Problem to solve – Repeat exactly the line that contains "七月份,氣溫高,晚餐要有湯水" and every line after it, down to the last line of the entries below. Do not include pictures.
[Opening Study material section]
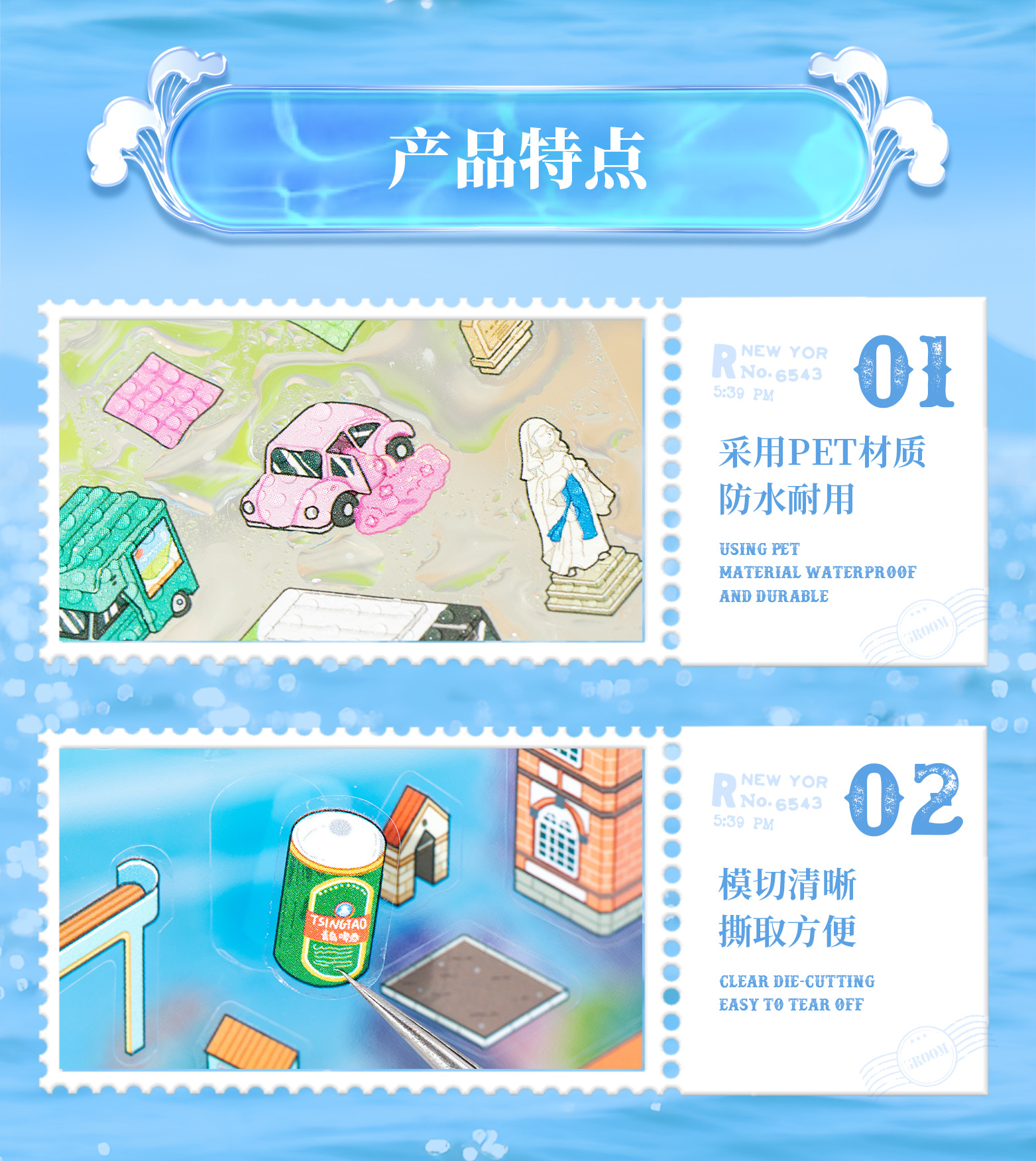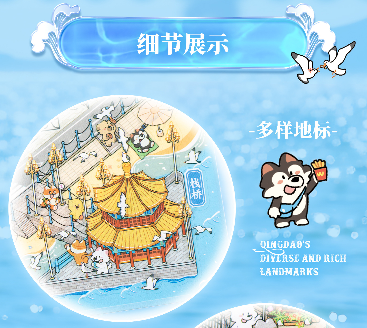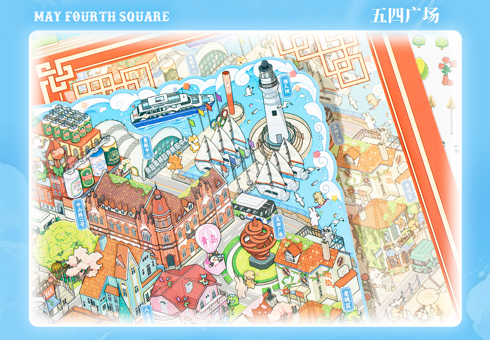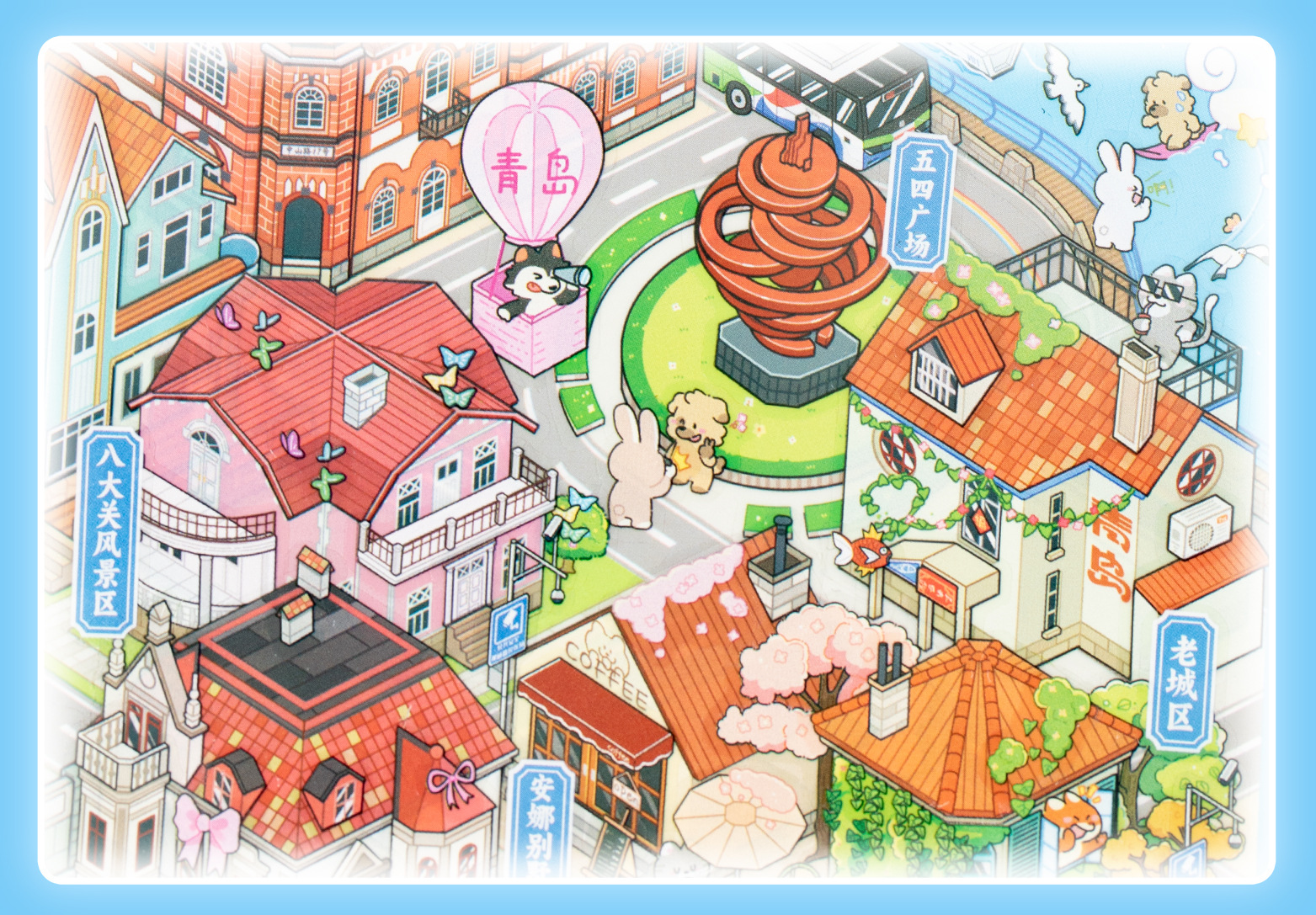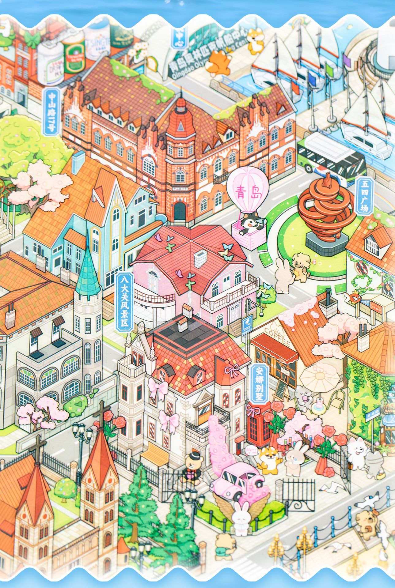 Etiqueta engomada de paisajismo grande en miniatura de Yuxian Capítulo de la ciudad 7.0 Qingdao 3D Cabaña tridimensional para niños Etiqueta engomada de la escena de la cuenta manual de bricolaje
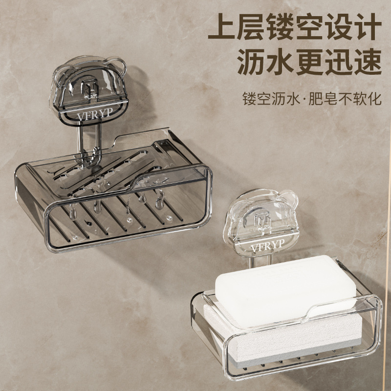 吸盤石鹸ケース壁掛け式穴なし浴室壁棚家庭用二重石鹸洗濯石鹸水切りケース
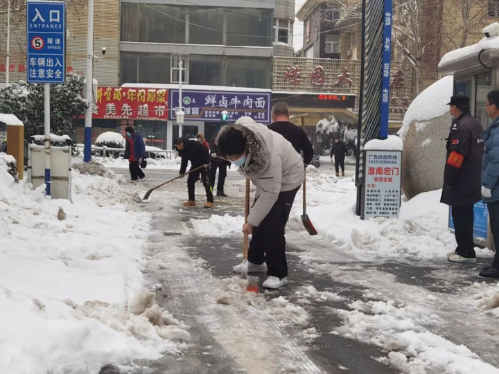 近日,淮南地区连续多日出现暴雪,为保障患者平安出行,广济医院领导班子提前返岗,连续多日带领医院后勤机关科室、临床医技部分人员,在院区内外进行除冰铲雪作业。刺骨的寒风抵挡不住东方人团结一致的身影,在热火朝天的东方人面前,一条条道路被清理出来。
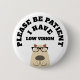 Cute illustration av en Labrador Retriever med glasögon. Denna ras används ofta av personer som är blinder eller synskadade. Kurvtext ovanför hundarnas huvud lyder: "Var tålmodig, ha lågt synfält"
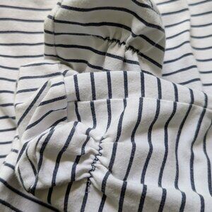 Cozy little footie from Mayoral's Newborn line. Features dark navy stripes below the empire seam waist and dark navy piping along the tops of the feet and the edge of the shirt collar. A little applique embroidered puppy in a sailor outfit completes the nautical theme! Two snap closures, one that runs from rear collar to low back (for easing dressing) and one along the entire inseam (for easy diaper changes). Elasticized heels keep the footie in place on Baby's feet. Cotton/elastane fabric is buttery soft with good stretch.
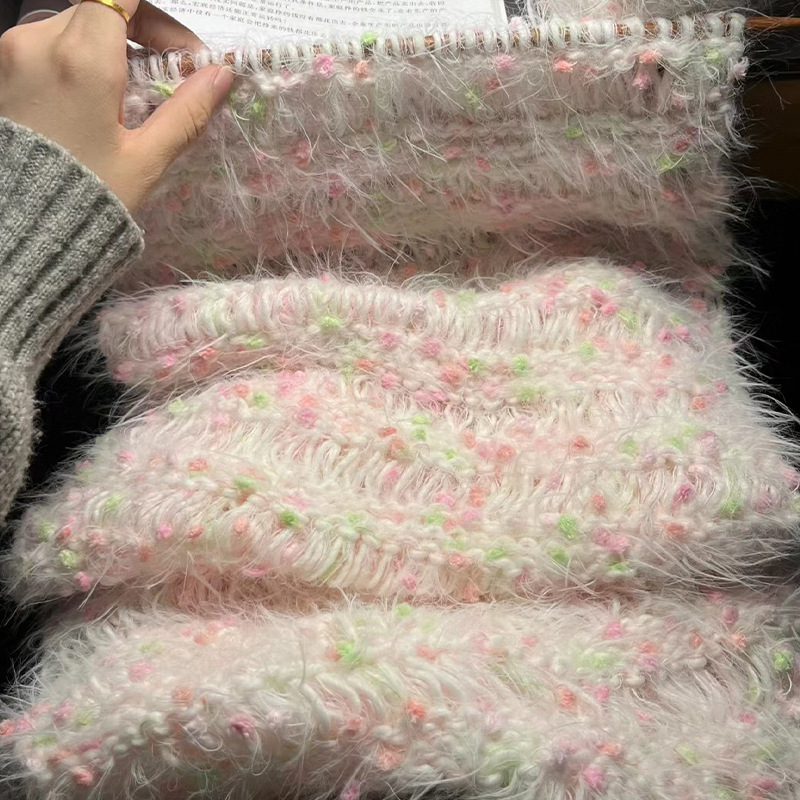 手作りdiy材料バッグ暖かいピンク白春桜手混糸マフラー編みdiy手作り棒針元宝
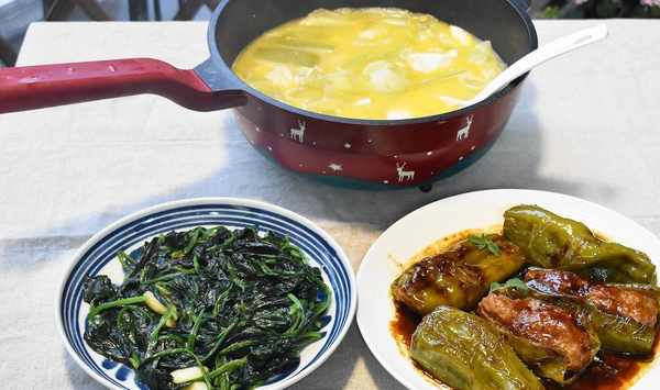 七月份,氣溫高,晚餐要有湯水,工作日下班沒有時間煲湯,我都會滾湯,冬瓜、絲瓜、節瓜滾湯都非常適合夏天,用這些瓜果煲湯或者滾湯清涼解暑。於是,我用節瓜、咸蛋和瑤柱滾湯,我還做瞭炒紅薯葉和煎釀辣椒,我們兩口子的晚餐一葷一素一湯,簡簡單單的晚餐花瞭不足30元,每一樣都很鮮美,非常好吃,很合我們兩口子的口味,我媽把這些全部吃光,沒有浪費。
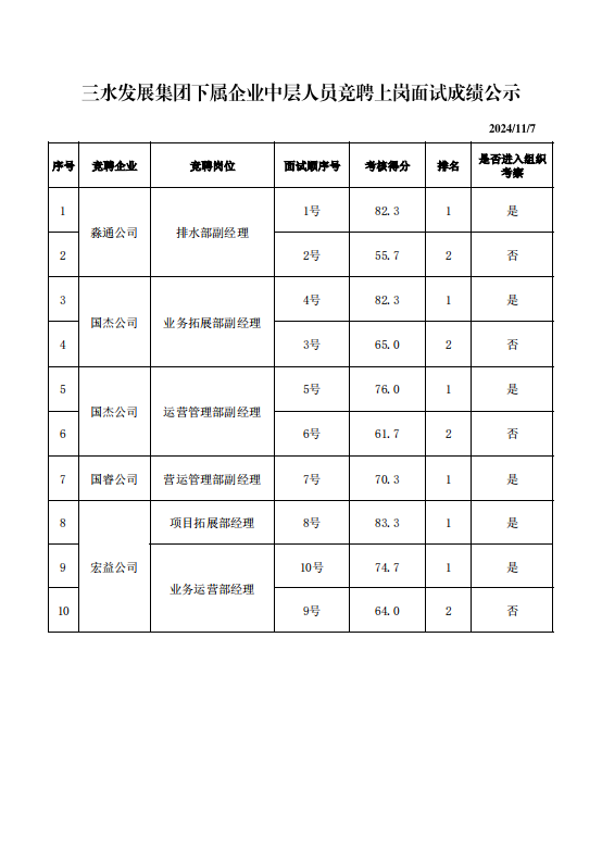 williamhill中文官网集团下属企业中层人员竞聘上岗面试成绩公示
[Closing Study material section]
Exercise result –
 七月份,氣溫高,晚餐要有湯水,工作日下班沒有時間煲湯,我都會滾湯,冬瓜、絲瓜、節瓜滾湯都非常適合夏天,用這些瓜果煲湯或者滾湯清涼解暑。於是,我用節瓜、咸蛋和瑤柱滾湯,我還做瞭炒紅薯葉和煎釀辣椒,我們兩口子的晚餐一葷一素一湯,簡簡單單的晚餐花瞭不足30元,每一樣都很鮮美,非常好吃,很合我們兩口子的口味,我媽把這些全部吃光,沒有浪費。
 williamhill中文官网集团下属企业中层人员竞聘上岗面试成绩公示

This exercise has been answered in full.